Before we proceed to our creation of mini word embedding, it’s good to brush up our basics concepts of word embedding showered by the deep learning community so far.

在继续创建迷你词嵌入之前,最好先梳理到目前为止深度学习社区所介绍的词嵌入的基本概念。

The popular and state-of-the-art word embedding models out there are as follows:-

流行的,最先进的词嵌入模型如下:

  1. Word2Vec (Google)

    Word2Vec(Google)
  2. Glove (Stanford University)

    手套(斯坦福大学)

They are trained on a huge amount of text corpus like Wikipedia or entire web is scraped, up to 6 Billion words (In Higher Dimension), and projected them into as low as 100,200,300 dense embeddings (In Lower Dimension).

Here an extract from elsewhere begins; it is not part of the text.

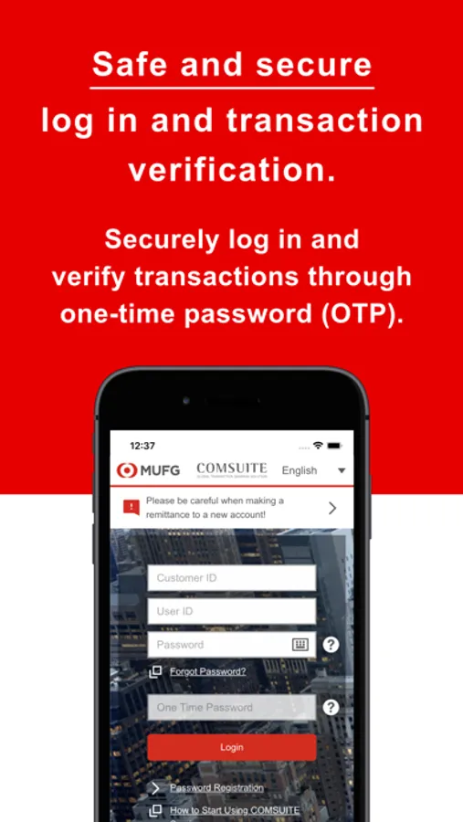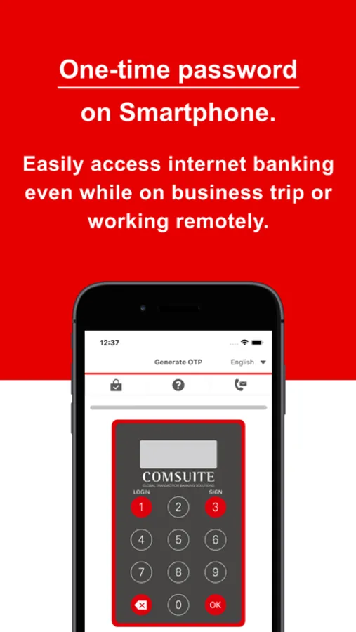 MUFG Bank's One-time-password (OTP) application for global internet banking service “COMSUITE”.

他们接受了像Wikipedia这样的大量文本语料库的训练,或者刮掉了多达60亿个单词 (在较高维度中)的整个网络并将它们投影到低至100,200,300个密集嵌入(在较低维度中)。

Here in our model, we project them into 2 dense embeddings.

在我们的模型中,我们将它们投影到2个密集的嵌入中。

使用的技巧: (Techniques used :)

The above state-of-the-art models use any one of the 2 primary techniques to accomplish the task.

上面的最新模型使用两种主要技术中的任何一种来完成任务。

  1. Continous-Bag-of-Words (CBOW)

    连续词袋(CBOW)
  2. Skip-Gram

    跳过格拉姆

1. CBOW: (1. CBOW :)

CBOW attempts to guess the output (target word) from its neighboring words (context words). Window size is a hyper-parameter here.

CBOW尝试从其相邻单词(上下文单词)猜测输出(目标单词)。 此处的窗口大小是一个超参数。

范例: (Example :)

Sentence: cats and mice are buddies

句子:猫和老鼠是哥们

Target Word(Output): mice (let’s say)

目标词(输出): 鼠标 (比方说)

Context Word(Inputs): cats and _ are buddies

上下文词(输入): 猫和 _ 是好友

2. Skip-Gram: (2. Skip-Gram:)

Skip-Gram guesses the context words from a target word. We will be implementing this in this post.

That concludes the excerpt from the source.